Le massacre sanglant a eu lieu le lendemain du début de la culture collective des terres « bungkalan » par les ouvriers agricoles (vendredi dernier – 19 octobre). Cette mise en culture militante a eu lieu sur 75 hectares de terres au sein de l’Hacienda Nene.

Les campagnes de « bungkalan » se multiplient dans la province philippine de Negros afin de faire pression pour la restitution des terres aux paysans. Selon la NFSW, les « bungkalan » ébranlent le système d’hacienda qui a permis de concentrer de vastes superficies de plantations de canne à sucre entre les mains de quelques propriétaires.

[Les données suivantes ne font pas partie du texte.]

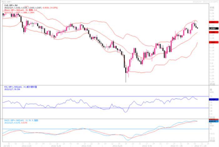 周二(12月6日),英镑兑美元连续第二个交易日下跌,收盘于1.2130。美国供应管理协会(ISM)表示,其非制造业采购经理人指数(PMI)从10月的54.4上升至上个月的56.5,表明占美国经济活动三分之二以上的服务业在利率攀升的情况下仍具有韧性。数据稍稍刺激美元指数平复近几个交易日的跌幅。而根据瑞银分析师在一份报告中说,预计英国央行将在下周的会议上将加息步伐从11月的75个基点放缓至50个基点,因中期通胀预期和劳动力需求显示出放缓迹象。由于12月就业市场报告和11月CPI数据没有出现重大意外,我们预计货币政策委员会多数成员将投票支持小幅加息。在欧美央行普遍被预期将在12月降低加息幅度的影响下,英镑对美元近期大幅走高的步伐也出现了暂时的停歇。日线图上,镑美暂时仍保持在20日均线上方,但各类技术指标由拐头下行迹象;4小时短线图上,汇价更是低落于各短期均线下方,MACD绿色动能柱开始发散。近期还是要主防英镑对美元继续回落调整的风险,下方关键的支撑在1.21-1.20区域,若失守,英镑转入下跌轨道风险增高。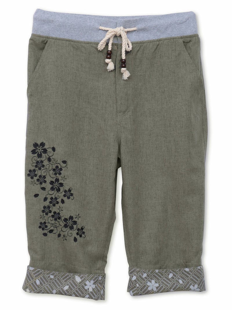 - ≪30%OFF≫【雅結】桜唐草刺繍シャンブレー素材クロップドパンツ≪返品・取寄対応不可≫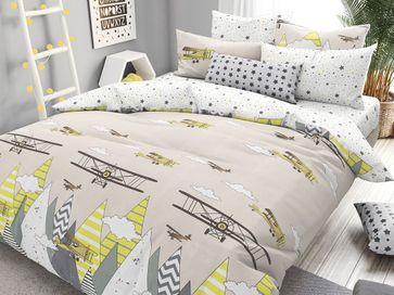 Комплект постельного белья Самолеты — отличное решение для оформления детской комнаты. Нежные оттенки настраивают на спокойный отдых, а мягкая натуральная ткань дарит приятные ощущения и поддерживает комфортный микроклимат спального места.<br>

« Les propriétaires ont terriblement peur de la force unifiée des agriculteurs pour cultiver collectivement la terre. Ils ont même abouti à l’utilisation de la force brutale et de meurtres pour attaquer les agriculteurs qui continuent d’affirmer et de défendre leurs droits démocratiques, civils et politiques », a déclaré John Lozande, dirigeant de la NFSW.

Autre Terre condamne fermement ces assassinats

L’ONG a un lien particulier avec cette communauté puisqu’elle a soutenu de 1996 à 2004 les communautés paysannes de l’île de Negros via l’ONG locale « PDG » afin que ces communautés puissent s’autonomiser des grands propriétaires terriens. Aujourd’hui, les liens restent forts et Autre terre continue à soutenir cette communauté, notamment via l’accompagnement de la University of Philippines Singing Ambassadors (UPSA) qui était encore en Belgique et l’Europe entière cet été pour une tournée internationale.

La loi de réforme agraire philippine a officialisé que les grands propriétaires terriens devaient rendre leur terre. Toutefois, la grande majorité ne l’a pas fait. Un bureau de ministère est chargé de gérer cette rétrocession mais extrêmement lent voir immobile. Donc les paysans anticipent cette rétrocession en occupant et cultivant les terres appartenant aux grands propriétaires terriens mais laissées en friche.

La NFSW a condamné les meurtres des membres de leur syndicat

La NFSW a demandé justice pour ce qu’ils appellent maintenant «Sagay 9». Cela porte le total des assassinats politiques, sous le gouvernement Duterte, à 45 dans la seule île de Negros, dont 36 agriculteurs et ouvriers agricoles.

La PCFS alerte les médias internationaux

De son côté, la Coalition des peuples sur la souveraineté alimentaire (PCFS) s’est associée aux agriculteurs et au peuple philippins pour condamner cette attaque brutale contre les petits producteurs et a appelé à ce que justice soit rendue sans tarder. « Il est abominable que le nombre de meurtres de paysans aux Philippines ait atteint un point tel que le pays est en train de devenir le lieu le plus dangereux pour les agriculteurs au monde. La culture de l’impunité et de la violence meurtrière contre les petits agriculteurs et les ouvriers agricoles doit être stoppée », a déclaré Roy Anunciacion, coordinateur mondial de PCFS.